Below you will find the important quotes in The Disappearing Spoon related to the theme of Science for Good vs. for Evil.
Introduction Quotes

The periodic table is, finally, an anthropological marvel, a human artifact that reflects all of the wonderful and artful and ugly aspects of human beings and how we interact with the physical world—the history of our species written in a compact and elegant script.

Related Characters: Sam Kean (speaker)
Related Symbols: The Periodic Table
Page Number: 8
Explanation and Analysis:
Chapter 5: Elements in Times of War Quotes

With cheap industrial fertilizers now available, farmers no longer were limited to compost piles or dung to nourish their soil. Even by the time World War I broke out, Haber had likely saved millions from Malthusian starvation, and we can still thank him for feeding most of the world’s 6.7 billion people today.

What’s lost in that summary is that Haber cared little about fertilizers, despite what he sometimes said to the contrary. He actually pursued cheap ammonia to help Germany build nitrogen explosives […] It’s a sad truth that men like Haber pop up frequently throughout history—petty Fausts who twist scientific innovations into efficient killing devices.

Related Characters: Sam Kean (speaker), Fritz Haber, Johann Wolfgang von Goethe
Page Number: 83-84
Explanation and Analysis:

In 1919, before the dust (or gas) of World War I had settled, Haber won the vacant 1918 Nobel Prize in chemistry (the Nobels were suspended during the war) for his process to produce ammonia from nitrogen, even though his fertilizers hadn’t protected thousands of Germans from famine during the war. A year later, he was charged with being an international war criminal for prosecuting a campaign of chemical warfare that had maimed hundreds of thousands of people and terrorized millions more—a contradictory, almost self-canceling legacy.
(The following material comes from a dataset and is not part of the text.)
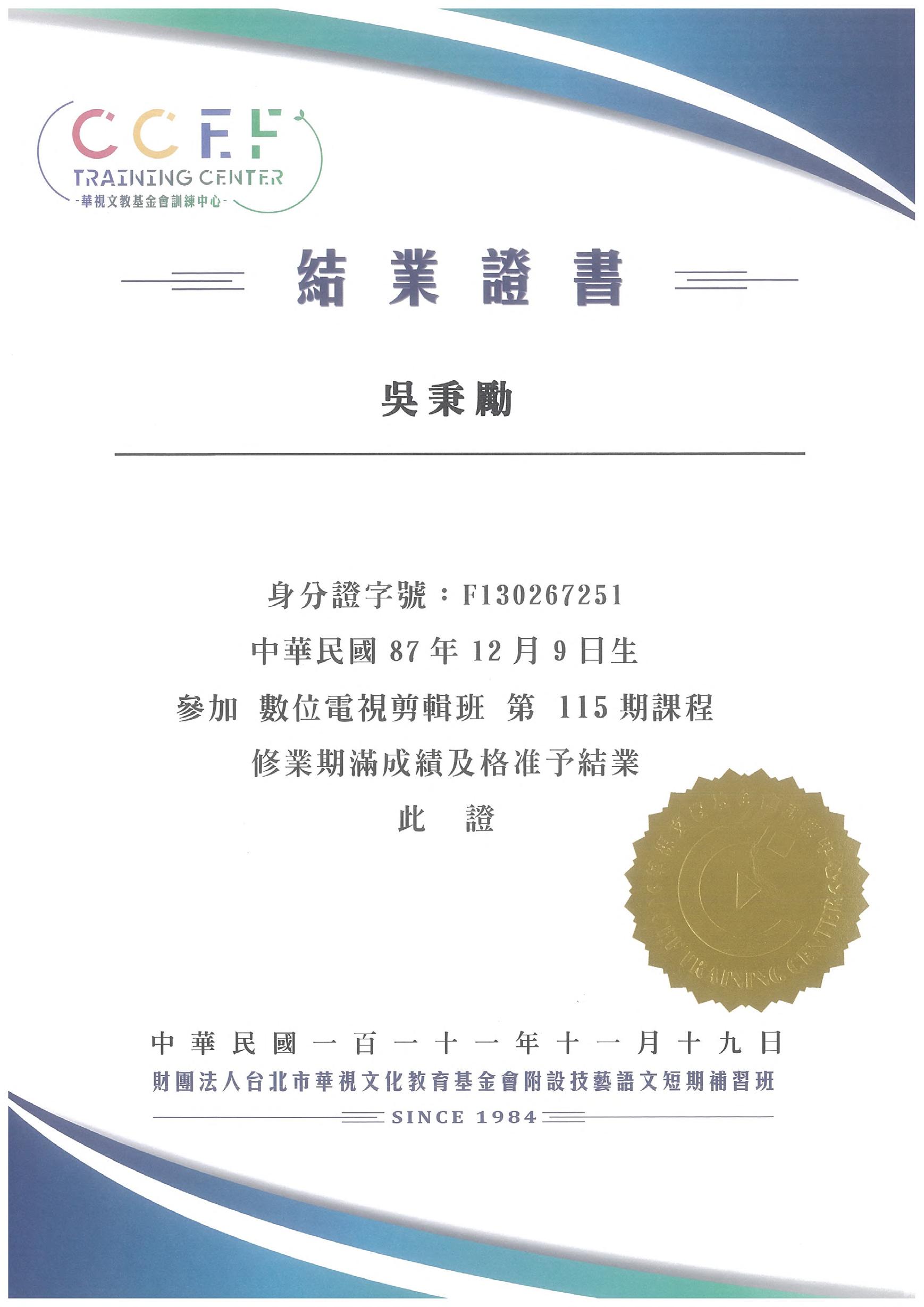 5 華視訓練中心 數位電視剪輯班 結業證書

Related Characters: Sam Kean (speaker), Fritz Haber, Clara Immerwahr
Page Number: 87
Explanation and Analysis:
Chapter 6: Completing the Table…with a Bang Quotes

But notice the dates here. Just as the basic understanding of electrons, protons, and neutrons fell into place, the old-world political order was disintegrating. By the time Alvarez read about uranium fission in his barber’s smock, Europe was doomed.
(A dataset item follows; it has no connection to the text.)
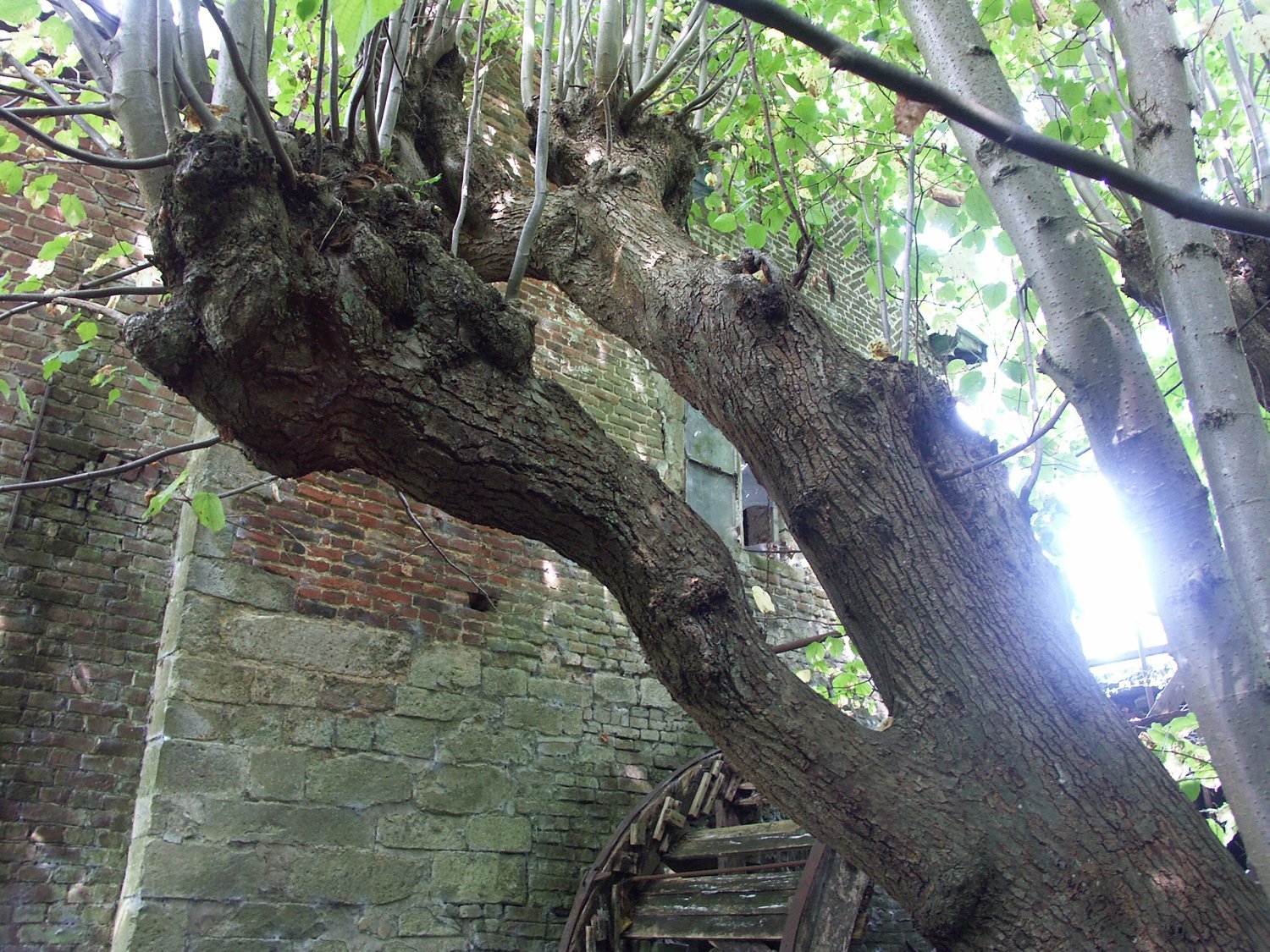 schutsbomen (geknotte linden) bij houten rad van watermolen

Related Characters: Sam Kean (speaker), Luis Alvarez, Otto Hahn
Page Number: 106
Explanation and Analysis:
Chapter 10: Take Two Elements, Call Me in the Morning Quotes

Obscure elements do obscure things inside the body—often bad, but sometimes good. An element toxic in one circumstance can become a lifesaving drug in another, and elements that get metabolized in unexpected ways can provide new diagnostic tools in doctor’s clinics.

Related Characters: Sam Kean (speaker)
Page Number: 167
Explanation and Analysis:
Chapter 12: Political Elements Quotes

The human mind and brain are the most complex structures known to exist. They burden humans with strong, complicated, and often contradictory desires, and even something as austere and scientifically pure as the periodic table reflects those desires. Fallible human beings constructed the periodic table, after all […] The periodic table embodies our frustrations and failures in every human field: economics, psychology, the arts, and—as the legacy of Gandhi and the trials of iodine prove—politics. No less than a scientific, there’s a social history of the elements.
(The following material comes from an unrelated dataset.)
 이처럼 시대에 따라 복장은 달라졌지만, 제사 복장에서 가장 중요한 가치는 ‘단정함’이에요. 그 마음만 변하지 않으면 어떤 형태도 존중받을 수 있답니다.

Related Characters: Sam Kean (speaker), Mahatma Gandhi
Related Symbols: The Periodic Table
Page Number: 203
Explanation and Analysis:

Like any human activity, science has always been filled with politics—with backbiting, jealousy, and petty gambits. Any look at the politics of science wouldn’t be complete without examples of those. But the twentieth century provides the best (i.e., the most appalling) historical examples of how the sweep of empires can also warp science. Politics marred the careers of probably the two greatest women scientists ever, and even purely scientific efforts to rework the periodic table opened rifts between chemists and physicists.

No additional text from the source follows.